Now, I have read several other posts that help with this. However, I
have one major difference from those. I am using SQL Server to manage
session state because we are currently on a Web Garden and will be
moving to a cluster soon. From what i understand on the other posts,
you set something up in Global.asax (by the way, I am using ASP.NET) in
the Session_Start and Session_End events to count the active sessions
and handle it appropriately. However, with SQL server managing session
state, it never fires the Session_End event. Therefore my number never
drops below X until the session times out after 20 minutes or so.

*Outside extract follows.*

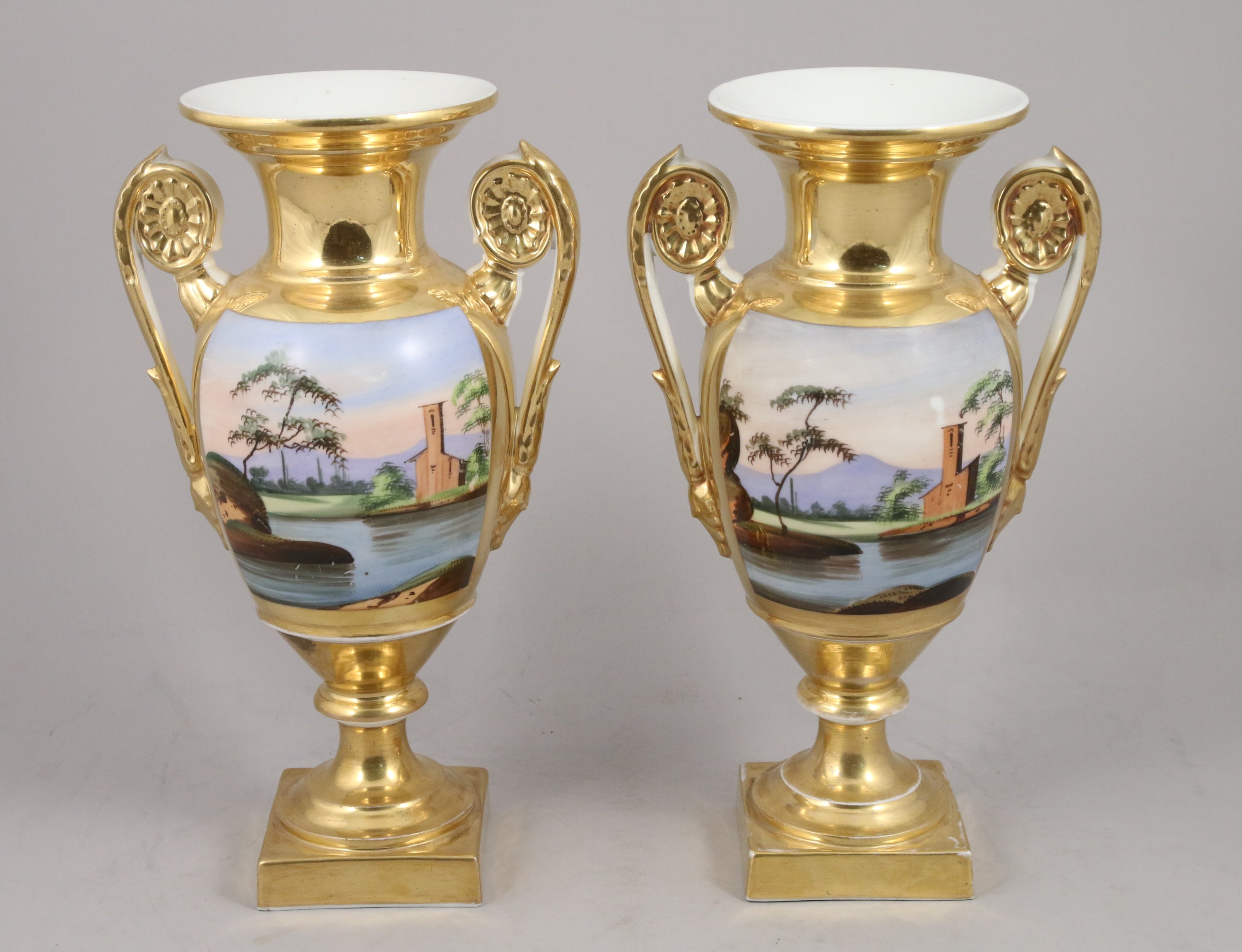 Décor sur fond or d'une scène de danse Napolitaine pour l'un et de deux Napolitaines conversant pour l'autre. Paysage à la tour sur l'autre face des deux vases. Anses à enroulement feuillagé terminé par une rosace. Piédouche reposant sur une base quadrangulaire.

I'd love to do this in IIS without setting a limit on the web site the
standard way (in properties box) because after it hits the limit, it
just generates a standard "Service Unavailable" message and then we get
tons of support calls and emails. :(

Any suggestions? Thanks for any help in advance!

Jorin

Re: "Service Unavailable" Redirect by jeff

jeff
Sat Sep 24 08:32:09 CDT 2005

On 20 Sep 2005 20:24:51 -0700, jslaybaugh@gmail.com wrote:

>I work for an internet ticket sales company and our largest customer
>always has a tremendous volume of hits on our site as soon as tickets
>go on sale. (I say tremendous, because for our current scenario as a
>startup, it is tremendous to us. The actual number is somewhere near
>500 people hitting the site all at once as soon as tickets go on sale.
>The number then decreases fairly rapidly as the day goes on.) We
>learned last year that with our old application, we couldnt acceptably
>handle that volume. This year, we have made many changes to the
>application, but i would also like to put measures in place to handle
>any trouble gracefully.
>
>My plan is to set something up like this: Using load testing tools,
>calculate the maximum number of concurrent connections our site can
>manage and still perform acceptably. Lets call this X. Set the
>site/application up to count to X and then as soon as user #X+1 hits
>the site, they are redirected to another site with one static page that
>simply tells them to wait and try back later. (This may be automated
>with META refresh tags or something).
>
>Now, I have read several other posts that help with this. However, I
>have one major difference from those. I am using SQL Server to manage
>session state because we are currently on a Web Garden and will be
>moving to a cluster soon. From what i understand on the other posts,
>you set something up in Global.asax (by the way, I am using ASP.NET) in
>the Session_Start and Session_End events to count the active sessions
>and handle it appropriately. However, with SQL server managing session
>state, it never fires the Session_End event. Therefore my number never
>drops below X until the session times out after 20 minutes or so.
>
>I'd love to do this in IIS without setting a limit on the web site the
>standard way (in properties box) because after it hits the limit, it
>just generates a standard "Service Unavailable" message and then we get
>tons of support calls and emails. :(
>
>Any suggestions? Thanks for any help in advance!

Clustering. It's time.

Jeff

Re: "Service Unavailable" Redirect by jslaybaugh

jslaybaugh
Sat Sep 24 15:40:55 CDT 2005

Thanks for the advice. We are going to do that (like i said in the
original post) soon. However, our current budget and time constraints
don't allow us to do that right now. I need a solution in place by
early October to handle this one time load. Once we handle it, we can
start to plan a clustering situation for future growth.

Any other suggestions that can be handled from a software side?